Damansara

Defunct federal constituency
- Legislature: Dewan Rakyat
- Constituency created: 1974
- Constituency abolished: 1986
- First contested: 1974
- Last contested: 1982

= Damansara (Kuala Lumpur federal constituency) =

Federal constituency in Kuala Lumpur, Malaysia

Damansara was a federal constituency in the Federal Territories, Malaysia, that was represented in the Dewan Rakyat from 1974 to 1986.

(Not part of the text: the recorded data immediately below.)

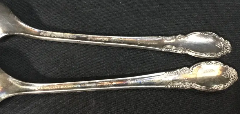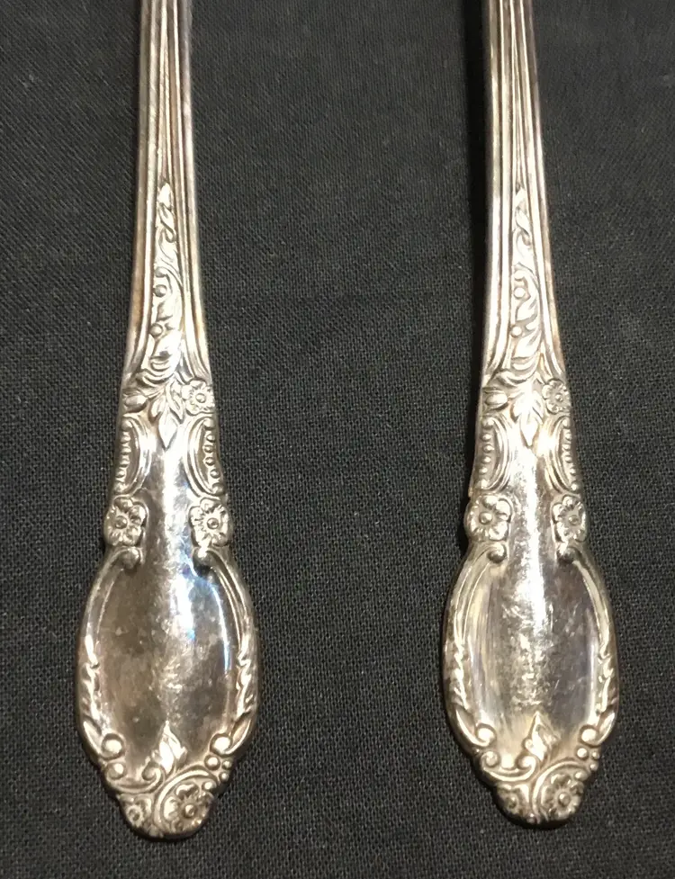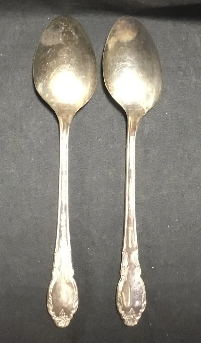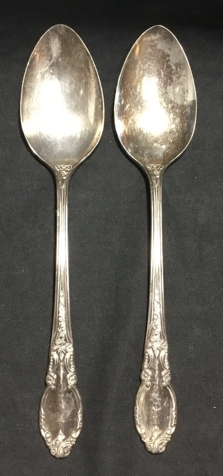 Lot of 2 serving or soup spoons, 7.5 inches long, bowl of spoon is 2.5 by 1.5 inches. Made by Rogers Company, Oneida, Ltd. 1980s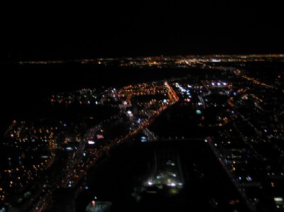 タワー頂上から見た、ナイアガラ方向の夜景。やっぱり都会の夜景は綺麗ですなぁ。 で、この後このライトの道を3時間かけて家まで戻りましたわ。 |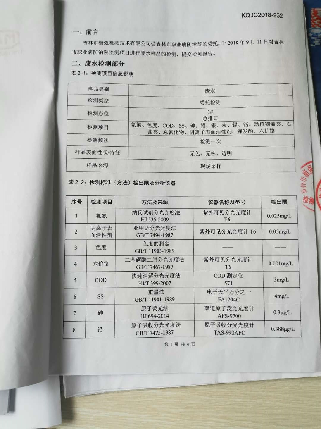 吉林市職業(yè)病防治院2018年度排污情況公示表2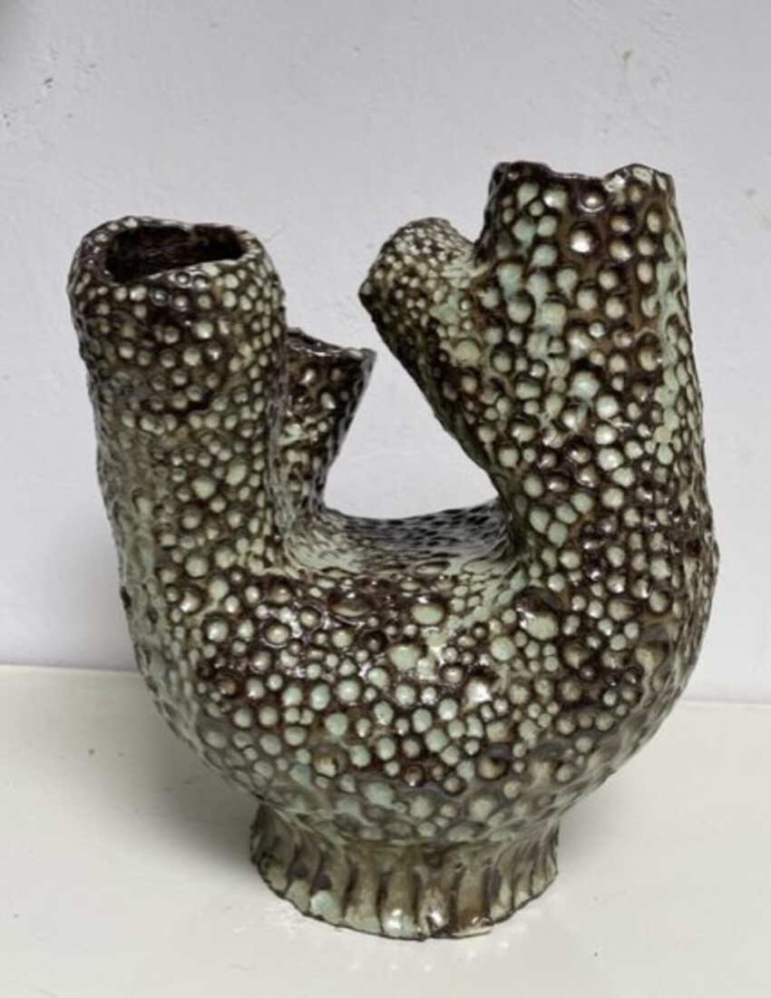 Een vaas op koraal geinspireerd ,gemaakt van zwart bakkende klei en een celadon glazuur.
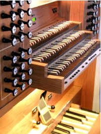 Schwellwerk: (C-g3) Holzprincipal 8 Rohrflöte 8 Salicional 8 Voix Céleste 8 Flûte Octaviante 4 Fugara 4 Nasard 2 2/3 Flageolett 2 Tierce 1 3/5 Plein Jeu V 2 2/3 Basson 16 Trompette harmonique 8 Hautbois 8 Tremulant |

The federal constituency was created in the 1974 redistribution and was mandated to return a single member to the Dewan Rakyat under the first past the post voting system.

==History==
===Representation history===

Members of Parliament for Damansara
Parliament: No; Years; Member; Party; Vote Share
Constituency created from Bangsar and Batu
4th: P086; 1974-1978; Subramaniam Sinniah (சி. சுப்ரமணியம்); BN (MIC); 9,763 51.22%
5th: 1978-1982; V. David (வே. தேவிட்); DAP; 21,461 47.43%
6th: 1982-1986; Tan Koon Swan (陈群川); BN (MCA); 34,659 59.43%
Constituency abolished, split into Kepong, Lembah Pantai and Seputeh

=== Historical boundaries ===

| Federal constituency | Area |
1974
| Damansara | Brickfields; Kampung Kasipillay; Kampung Kerinchi; Segambut; Sungai Penchala; |

==Election results==

Malaysian general election, 1982
| Party |  | Candidate | Votes | % | ∆% |
|  | BN | Tan Koon Swan | 34,659 | 59.43 | +19.12 |
|  | DAP | V. David | 20,137 | 34.53 | −12.90 |
|  | PAS | Ramli Mohamed Yasin | 3,527 | 6.05 | −5.85 |
| Total valid votes |  |  | 58,323 | 100.00 |
| Total rejected ballots |  |  | 449 |
| Unreturned ballots |  |  | 0 |
| Turnout |  |  | 58,772 | 67.88 | +0.13 |
| Registered electors |  |  | 86,576 |
| Majority |  |  | 14,522 | 24.90 | +17.78 |
|  | BN gain from DAP |  | Swing |  | ? |

Malaysian general election, 1978
| Party |  | Candidate | Votes | % | ∆% |
|  | DAP | V. David | 21,461 | 47.43 | +19.30 |
|  | BN | Subramaniam Sinniah | 18,239 | 40.31 | −10.91 |
|  | PAS | Syed Ibrahim Syed Abdul Rahman | 5,386 | 11.90 | +11.90 |
|  | PEKEMAS | Thinakaran Rajakannu | 161 | 0.36 | −20.29 |
| Total valid votes |  |  | 45,247 | 100.00 |
| Total rejected ballots |  |  | 337 |
| Unreturned ballots |  |  | 0 |
| Turnout |  |  | 45,584 | 67.75 | +8.56 |
| Registered electors |  |  | 67,278 |
| Majority |  |  | 3,222 | 7.12 | −15.97 |
|  | DAP gain from BN |  | Swing |  | ? |

Malaysian general election, 1974
| Party |  | Candidate | Votes | % |
|  | BN | Subramaniam Sinniah | 9,763 | 51.22 |
|  | DAP | Hor Cheok Foon | 5,362 | 28.13 |
|  | PEKEMAS | K. C. Cheah | 3,935 | 20.65 |
| Total valid votes |  |  | 19,060 | 100.00 |
| Total rejected ballots |  |  | 0 |
| Unreturned ballots |  |  | 0 |
| Turnout |  |  | 19,571 | 59.19 |
| Registered electors |  |  | 38,028 |
| Majority |  |  | 4,401 | 23.09 |
This was a new constituency created.